**Task brief**
Leaving out every picture, transcribe the lines from the line that contains "Los becarios han" to the end of the entries below, both ends included.

**Stored dataset items**
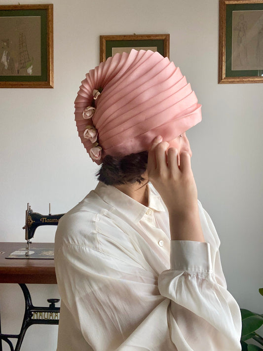 Cappello anni ‘60 in seta rosa
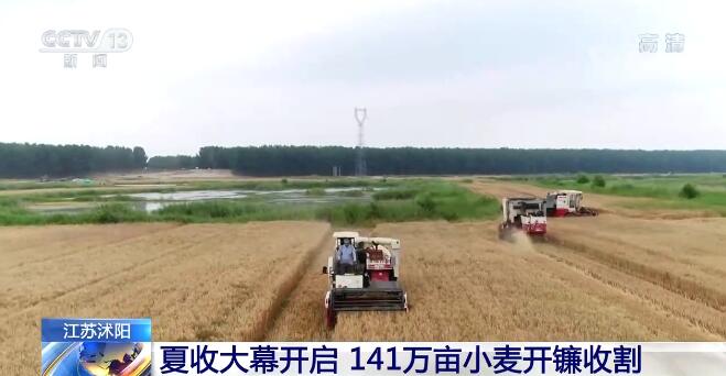 在江蘇沭陽縣,141萬畝小麥開鐮收割。伴隨著機(jī)器的轟鳴聲,收割機(jī)在金色的麥浪中來回馳騁,飽滿的麥粒歡快地蹦進(jìn)車倉。
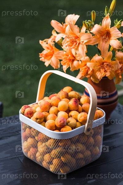Корзина, полная абрикосов на столе в саду рядом с вазой оранжевых лилий
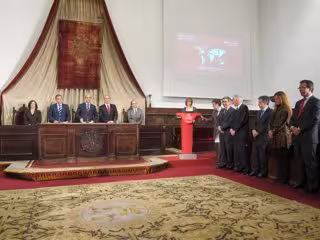 Los becarios han recogido sus credenciales en un acto celebrado en el Paraninfo de la Institución académica, en el que han intervenido el rector de la USAL, Daniel Hernández, el consejero de Educación de la Junta de Castilla y León, Juan José Mateos, y el director general de Banco Santander, José Antonio Villasante.
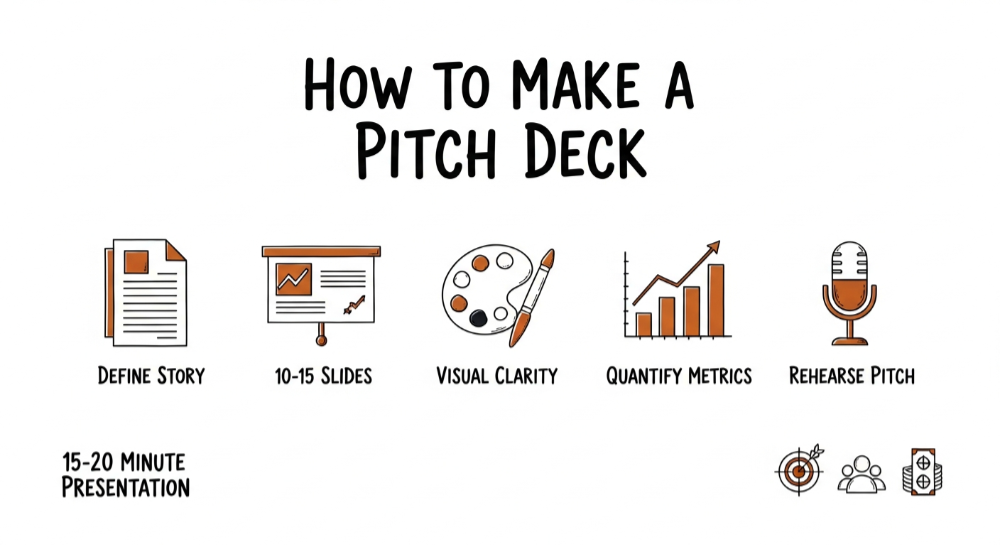 To make a pitch deck, start by defining your core narrative, then create 10-15 slides that cover your problem, solution, market opportunity, business model, traction, team, and funding requirements using presentation software like PowerPoint, Keynote, or Google Slides.
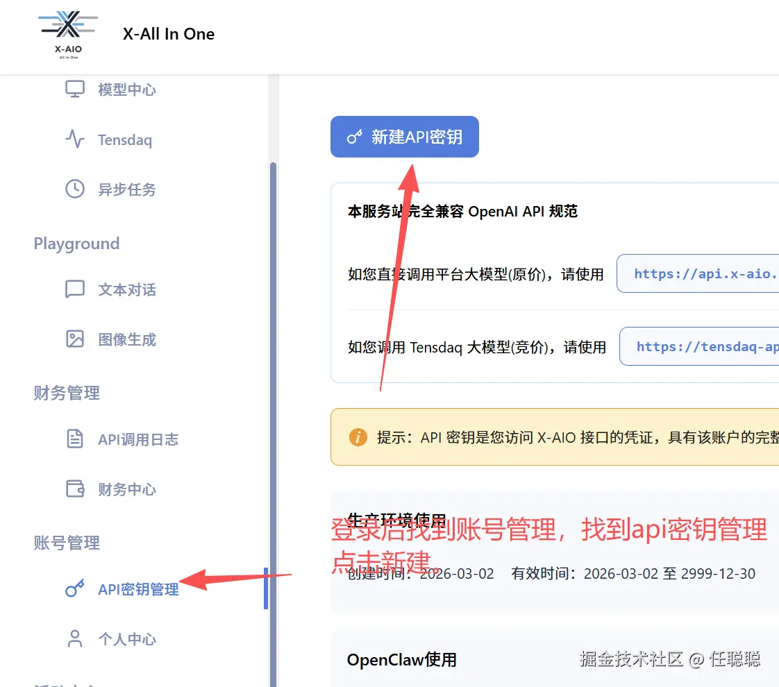 这里聪哥使用的是x-aio聚合大模型api平台,比官方的稍微要方便和低价一些。

**Expected answer**
 Los becarios han recogido sus credenciales en un acto celebrado en el Paraninfo de la Institución académica, en el que han intervenido el rector de la USAL, Daniel Hernández, el consejero de Educación de la Junta de Castilla y León, Juan José Mateos, y el director general de Banco Santander, José Antonio Villasante.
 To make a pitch deck, start by defining your core narrative, then create 10-15 slides that cover your problem, solution, market opportunity, business model, traction, team, and funding requirements using presentation software like PowerPoint, Keynote, or Google Slides.
 这里聪哥使用的是x-aio聚合大模型api平台,比官方的稍微要方便和低价一些。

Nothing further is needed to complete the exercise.